‘4.7% Rule’ Is Like A $283,000 Retirement Savings Bonus

Looking for a way to boost your retirement income? You can’t live off Social Security benefits alone. Smart retirement planning says the 4.7% Rule — not the 4% Rule — is your best shot for maximizing your retirement savings’ ability to generate income for 30 years.


Who says the “4.7% Rule” tops the “4% Rule” for generating income from retirement savings?

Retirement planning expert William Bengen, who created the rule, says the 4.7% Rule is your best strategy, as IBD recently explained.

If the creator of the 4% Rule says it should be the 4.7% Rule, how did it become the 4%? See the end of this report.

Don’t tune this out. The debate between 4% and 4.7% is not just an argument that only math nerds care about. The difference is not just a tiny, inconsequential number that follows a decimal point.

Social Security Plus ‘4.7% Rule’: Saves You $283,000

Following the 4.7% Rule instead of the 4% Rule can save you big bucks. Why? You don’t need to save as much and will still have the same amount of money to retire with. For the average person, it makes a difference of about $283,000 in their retirement savings.

For most people, that’s serious money.

Think about that. How much easier does saving for retirement look to you if you know you can enjoy the same standard of living with a nest egg that is $283,000 smaller? Probably much easier.

That makes the difference between a 4.% Rule and the 4.7% Rule big. It has huge implications for how to build your retirement savings.

And it can let you safely generate a lot more income in retirement.

‘4.7% Rule’ Turbocharges Your Savings, Your Social Security Benefit

Here’s how. Start by recognizing how much money you need to save for retirement. Members of 401(k) plans tell Charles Schwab that, on average, they expect to need $1.9 million in retirement savings.

Imagine you hit that target. If you withdraw 4% in your first year of retirement, you’re pulling out $76,000.

Now suppose you’re on track to earn $100,000 annually in five years, the year that you retire. Let’s say that at that point you’ll be 70 years old.

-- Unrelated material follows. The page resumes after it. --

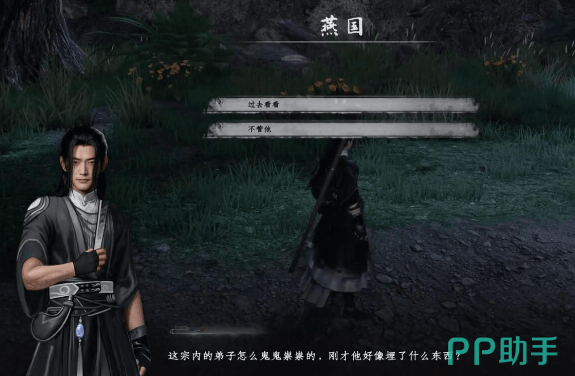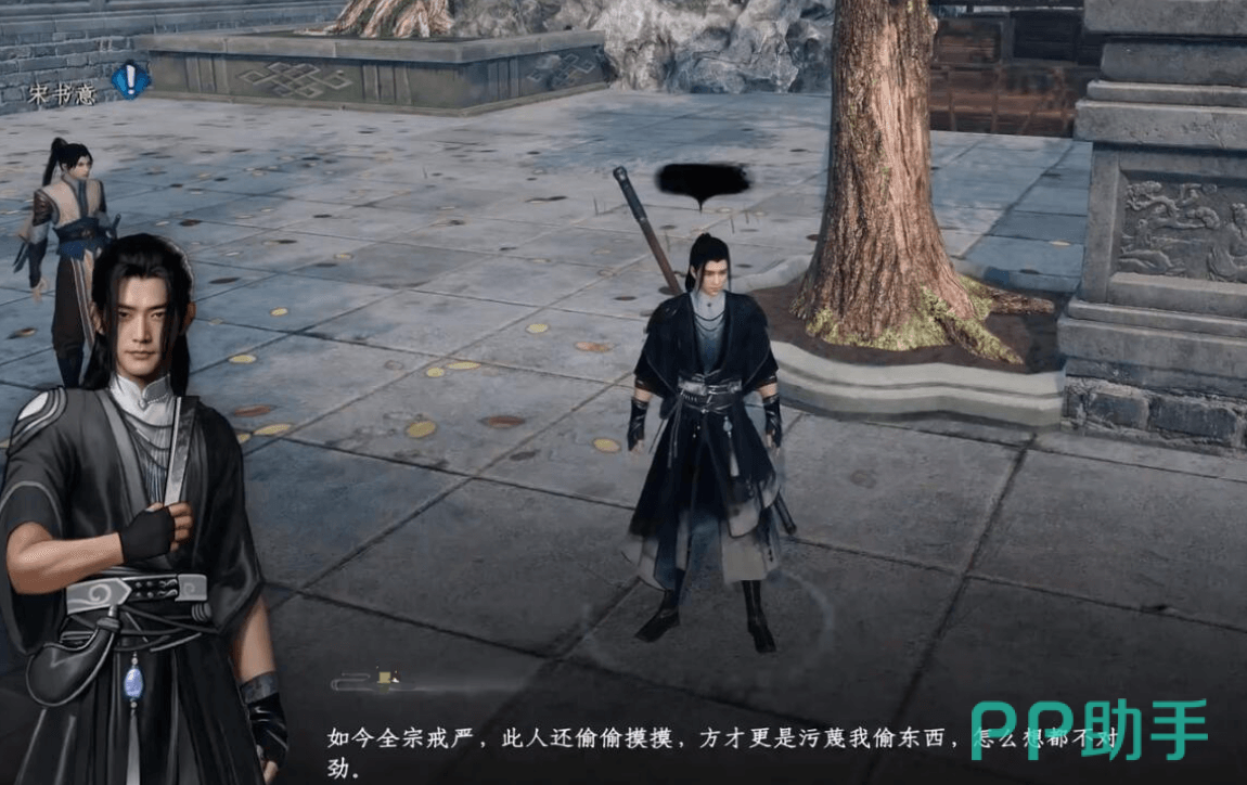此时我们可以四处与人交谈收集情报,问问宗门发生了什么样的异变,在对话的时候会触发剧情,刚刚陷害我们的人偷偷溜出了宗门,这里选择跟上,一出宗门在移除密林里面,就看到他在跟别人密谋,原来栽赃陷害主角都是他计划中的一环,这里需要战斗。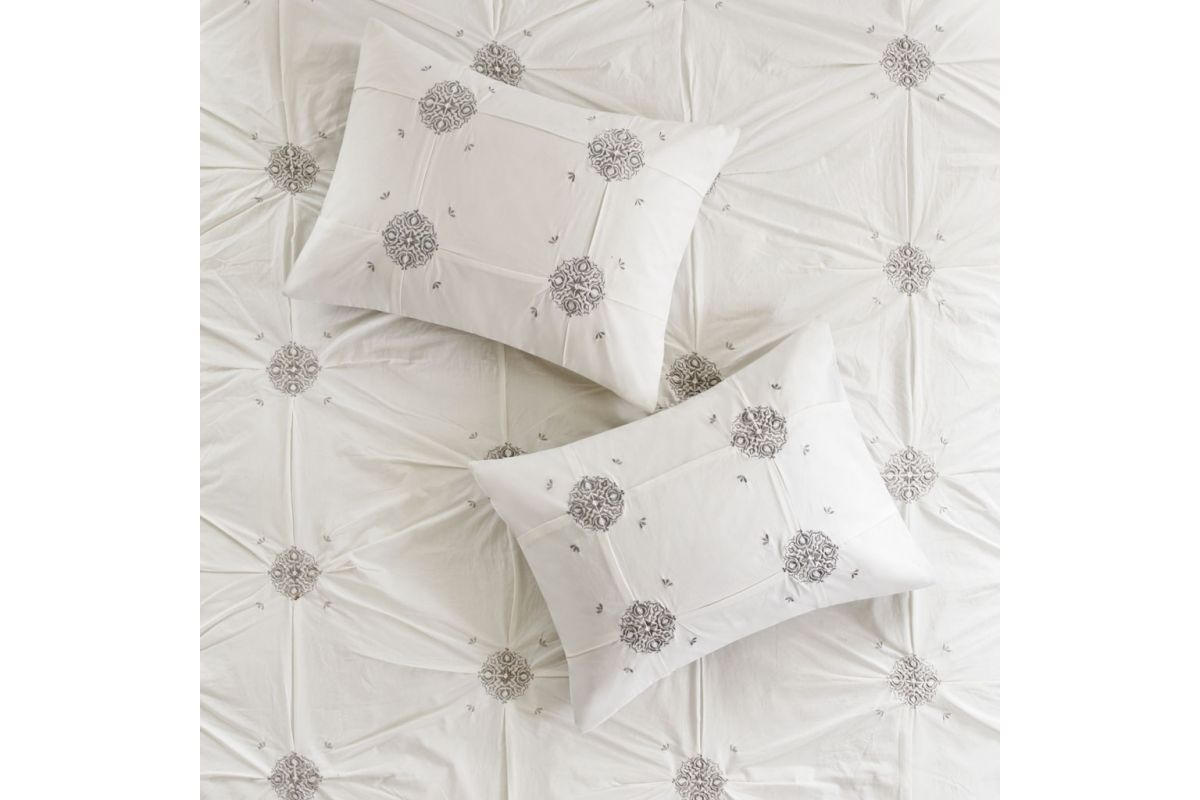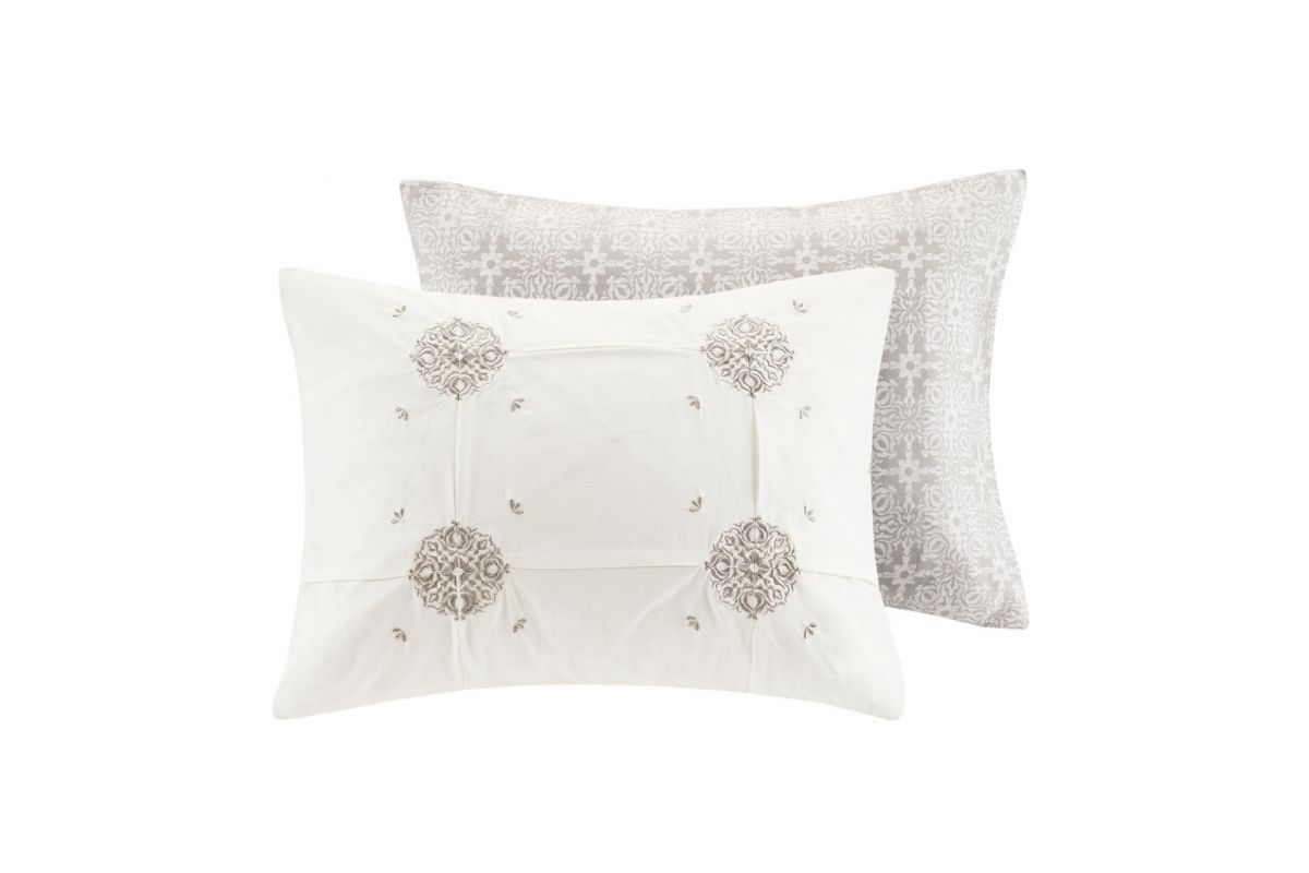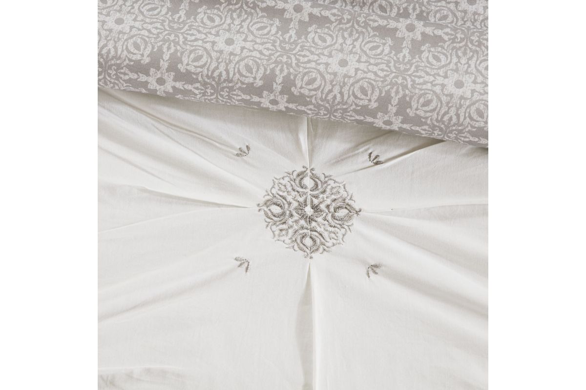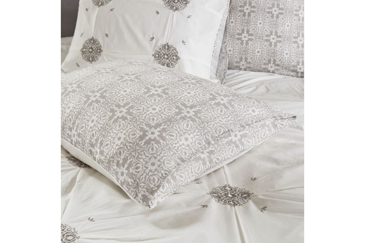 Style your bedroom with the shabby chic allure of the Malia 6-Piece Embroidered Cotton Reversible Comforter Set. The face of the reversible comforter features tufted grey embroidery on an ivory base, while the reverse showcases an all-over grey medallion print that complements the top of the bed. Two matching shams mirror the face of the cotton comforter and two grey Euro shams match the reverse of the comforter. An embroidered medallion design on the square decorative pillow provides an elegant finishing touch to the cotton comforter set. Machine washable for easy care, this reversible comforter set is made from 100% cotton and provides a comfortable shabby chic update to your bedroom décor.

A single person in that situation could also likely receive a yearly $33,737 Social Security benefit. That’s the size of the benefit likely for someone on that income path, who gets pay raises averaging 1% a year, while inflation — which impacts Social Security cost-of-living adjustments — averages 2.9% a year.

That last assumption may need tweaking. The annualized U.S. inflation rate rose to 7% in the 12 months ended in December. That was its sharpest rise since June 1982.

But for the moment let’s be optimistic and assume that Federal Reserve interest rate hikes tame inflation before too long. Let’s also assume that inflation has been fueled by the abrupt rebound in the economy since the pits of the coronavirus pandemic slowdown in 2020.

‘4.7% Rule’ Boosts Your Retirement Income

Where does that leave you? Your 4% withdrawal plus your $33,737 in annual Social Security benefits equal $109,737 of income that year, according to the bankrate.com Social Security calculator.

But look how applying the 4.7% Rule helps you.

If changes your first-year withdrawal from your $1.9 million in retirement savings into $89,300.

Combined with $33,737 in Social Security benefits, your total income that first year would be $123,037.

That’s a gain of $13,300, or 12.11%. Not bad for upping your withdrawal rate by just 0.7 percentage points.

Over a decade, that puts an extra $133,000 into your bank account.

Further, the fact that your withdrawal income alone is higher — $89,300 vs. $76,000 — as well as your combined income, means there’s a good chance that your Social Security benefits would be higher.

So there’s a ripple effect, boosting your overall income.

Same Income From Less Savings

Look at the flip side too. What if you’re satisfied getting by with just the original $76,000 withdrawal that you got from a 4% withdrawal from $1.9 million in retirement savings?

If that’s the case, all you need in savings is $1.617 million to generate $76,000 of first-year income. That means you can get by with about $283,000 less in retirement savings.

That makes your annual task of saving and investing for retirement, augmented by Social Security, much easier.

How It Became The ‘4.7% Rule’

How did the 4.7% Rule become the 4% Rule? The 4% version of Bengen’s rule was based on financial conditions in the late 1960s. That period posed a worst-case scenario of plunging markets and soaring inflation. Bengen showed that if a retiree withdrew 4% of savings in their first year of retirement, then added a percentage equal to inflation each year after that, their savings would last 30 years.

But the worst-case scenario conditions improved after that. Bengen updated his conclusions. Retirees could start with a first-year withdrawal of 4.7%.

Still, most financial advisors and journalists overlooked Bengen’s updates, he says. So the original 4% became retirement planning gospel. Social Security benefits alone are never enough.